Very cool .  Man..what a spider.


----------



## doenoe

the front two are called pedipalps. In scorpions they have grown to be the claws. If i got my facts straight. But it was something in those lines.


----------



## saulmr

So crisp makes me run away on the opposite direction that thing came from... Good shot!


----------



## Joerocket

doenoe said:
			
		

> the front two are called pedipalps. In scorpions they have grown to be the claws. If i got my facts straight. But it was something in those lines.


 
pedipalps...is that french for friends of the feet?lol thanks for the info, it was bugging me... no pun intended.

-Joe


----------



## JonMikal

awesome detail...love it!


----------



## suryad

Nice what lens did you use?


----------



## K-Y-L-E

suryad said:
			
		

> Nice what lens did you use?


Hi i used the super macro feature on the konica minolta z6


----------



## mentos_007

it is not cool... it is fury and disgusting... and scary... I hate spiders... but I appreciate you that you did SUCH an extreme close up... I can't look at this photo any longer....


----------



## K-Y-L-E

mentos_007 said:
			
		

> it is not cool... it is fury and disgusting... and scary... I hate spiders... but I appreciate you that you did SUCH an extreme close up... I can't look at this photo any longer....


Coooooooooool!


----------



## DLL_4ever

haha this photo is awesome! Discusting, but awesome!


----------



## JonK

whoa! extreme! beautifully detailed capture. :thumbup:
Welcome to TPF!


----------



## Rob

Poor spider... what's it ever done to you 'orrible lot? Ok, probably not the best comment in the world!

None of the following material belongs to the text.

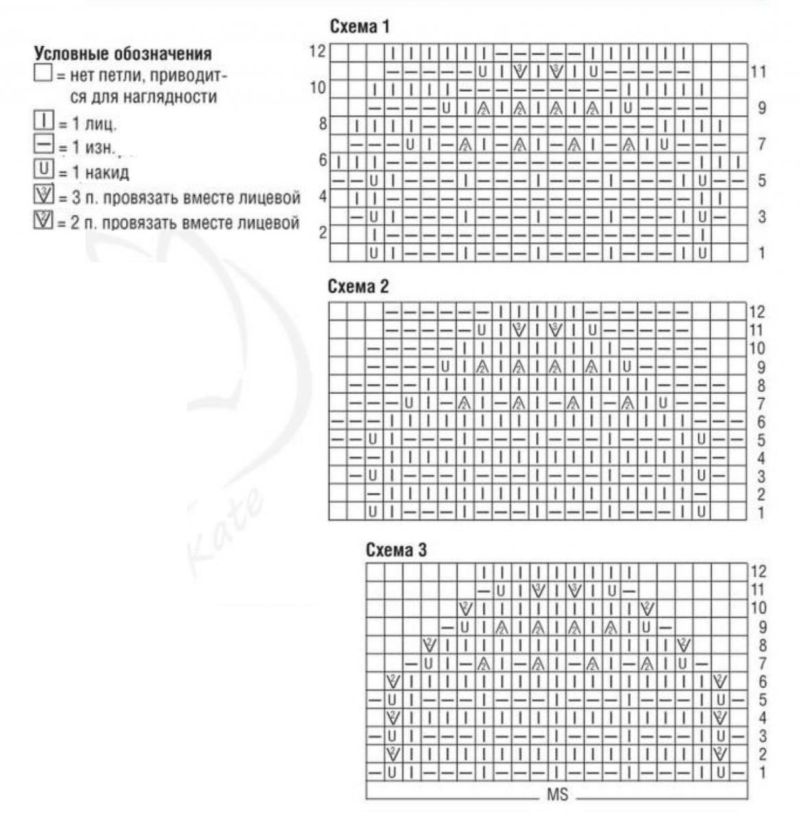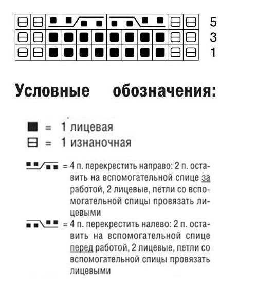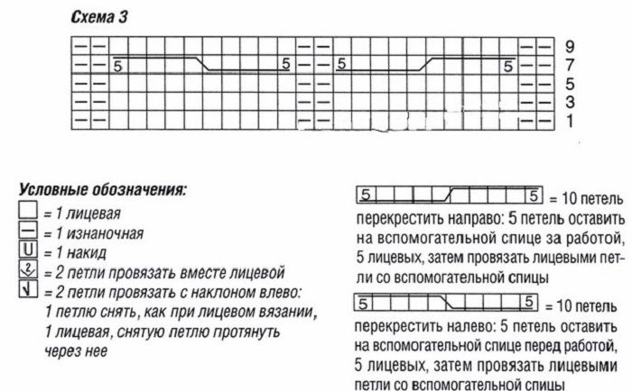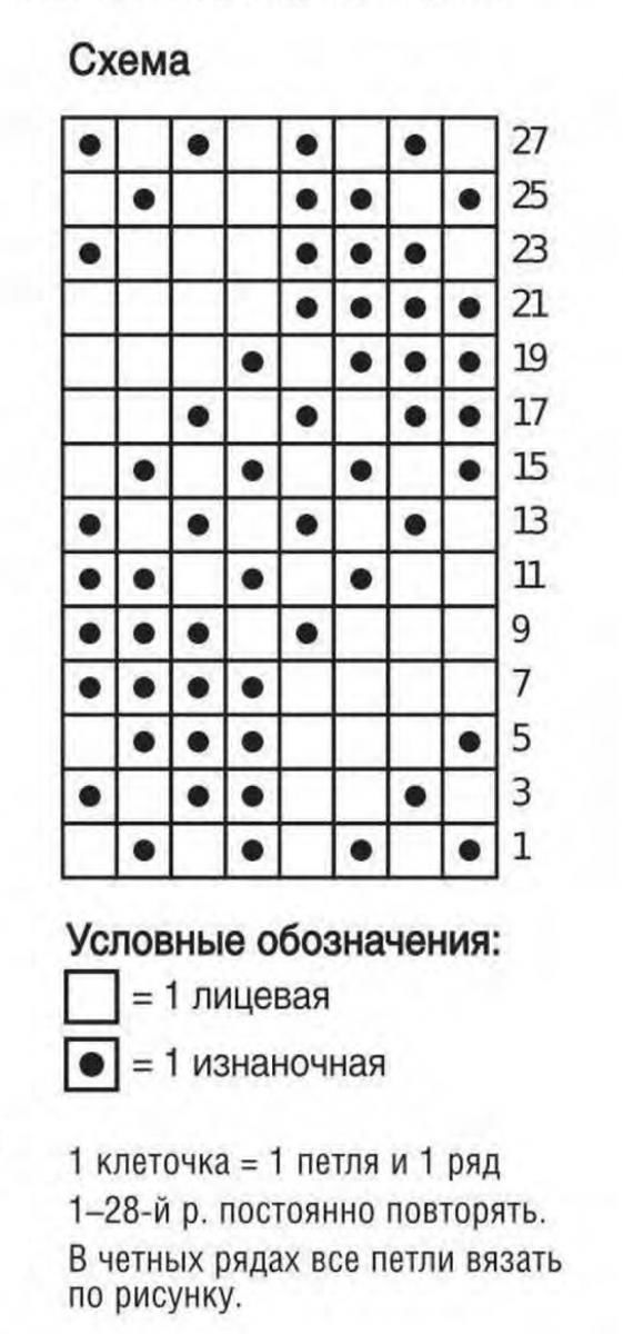 Вземете 82 бримки с метода "дълга опашка", плетете 6-7 см с ластик 3 върху 2. След това преминете към основния модел (повторете всеки рапорт 8 пъти):

Great shot! Love your beastie. How big is it? 

Rob


----------



## K-Y-L-E

Rob said:
			
		

> Poor spider... what's it ever done to you 'orrible lot? Ok, probably not the best comment in the world!
> 
> Great shot! Love your beastie. How big is it?
> 
> Rob


This particular one isnt so big he's a juvenile male he's around 14cm legspan the females i have here are close to 20cm legspan easily


----------



## railman44

Animals die so others can live.  If it were me I'd put a 5.56 through that spider in a heart-beat...


----------



## Rapala46

mentos_007 said:
			
		

> it is not cool... it is fury and disgusting... and scary... I hate spiders... but I appreciate you that you did SUCH an extreme close up... I can't look at this photo any longer....



Ditto x3409784357534


----------



## K-Y-L-E

railman44 said:
			
		

> Animals die so others can live.  If it were me I'd put a 5.56 through that spider in a heart-beat...


Great...


----------



## CrazyAva

Ugh, gives me the chills, but you did a great job.  We have tarantulas here.  They roam around, we find them in our yard, under the childrens bicycle seats and near the dumpster.


----------